▶ _TASK INPUT_
◆ ◆ ◆ ◆ ◆ ◆ ◆

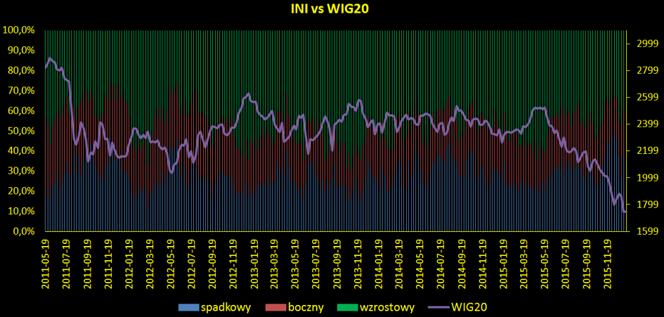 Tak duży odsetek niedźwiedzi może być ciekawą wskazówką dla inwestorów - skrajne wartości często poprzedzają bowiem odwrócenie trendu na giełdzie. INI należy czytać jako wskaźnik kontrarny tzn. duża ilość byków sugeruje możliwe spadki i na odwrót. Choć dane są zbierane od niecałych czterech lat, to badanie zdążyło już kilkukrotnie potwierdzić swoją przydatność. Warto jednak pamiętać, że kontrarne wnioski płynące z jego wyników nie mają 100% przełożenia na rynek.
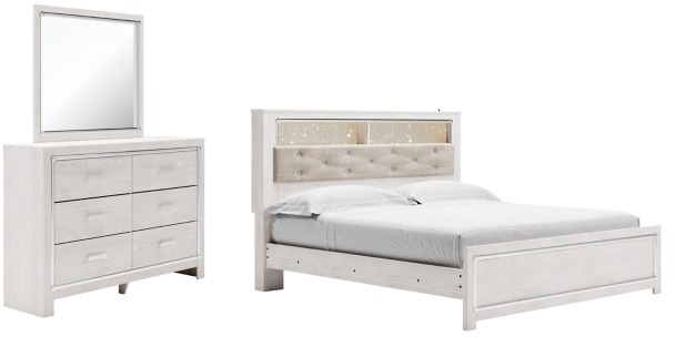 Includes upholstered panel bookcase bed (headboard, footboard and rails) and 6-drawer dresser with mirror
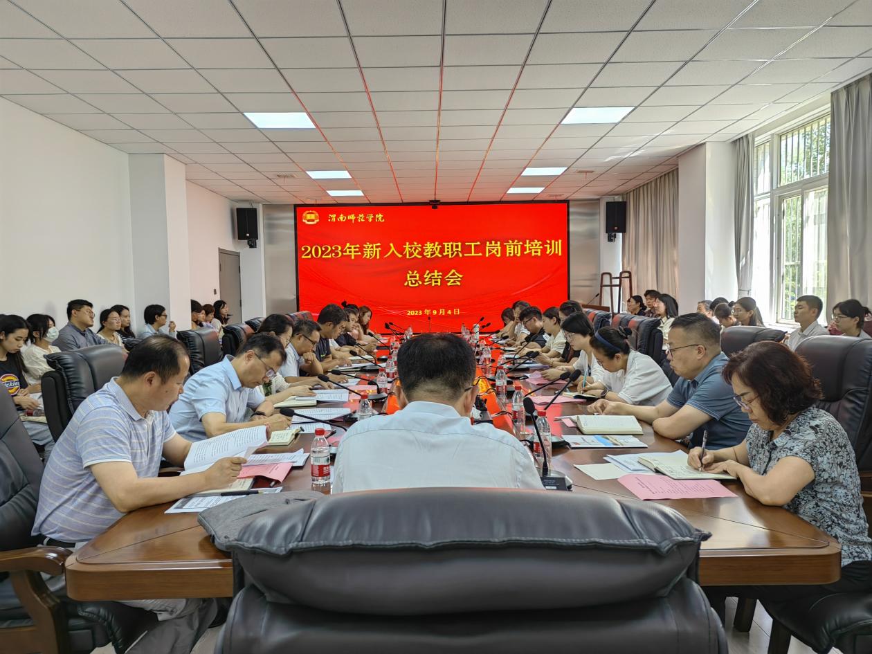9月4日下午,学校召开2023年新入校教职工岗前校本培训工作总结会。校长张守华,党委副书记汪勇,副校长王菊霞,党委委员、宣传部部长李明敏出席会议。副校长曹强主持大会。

◆ ◆ ◆ ◆ ◆ ◆ ◆

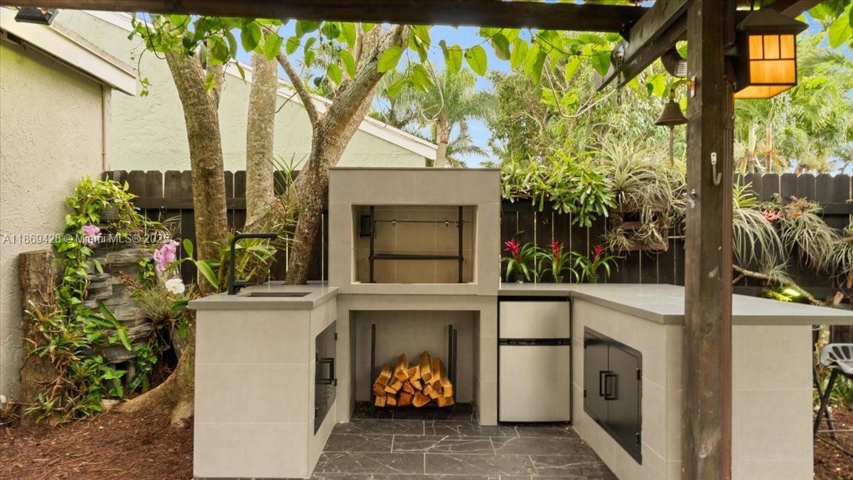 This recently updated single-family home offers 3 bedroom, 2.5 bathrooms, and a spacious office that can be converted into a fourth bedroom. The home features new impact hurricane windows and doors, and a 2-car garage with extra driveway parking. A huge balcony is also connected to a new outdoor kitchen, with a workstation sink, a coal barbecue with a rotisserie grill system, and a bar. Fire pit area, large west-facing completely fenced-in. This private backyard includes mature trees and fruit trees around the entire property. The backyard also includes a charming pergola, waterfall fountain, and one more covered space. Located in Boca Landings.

◆ ◆ ◆ ◆ ◆ ◆ ◆

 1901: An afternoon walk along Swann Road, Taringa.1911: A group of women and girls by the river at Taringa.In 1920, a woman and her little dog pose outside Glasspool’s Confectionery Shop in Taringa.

◆ ◆ ◆ ◆ ◆ ◆ ◆

▶ _WHAT YOU ARE ASKED TO DO_
For this task, return exactly the stretch of the listing above from the line with "Includes upholstered panel" through the line with "9月4日下午,学校召开202", inclusive and without pictures.

▶ _ANSWER TO THIS TASK_
 Includes upholstered panel bookcase bed (headboard, footboard and rails) and 6-drawer dresser with mirror
9月4日下午,学校召开2023年新入校教职工岗前校本培训工作总结会。校长张守华,党委副书记汪勇,副校长王菊霞,党委委员、宣传部部长李明敏出席会议。副校长曹强主持大会。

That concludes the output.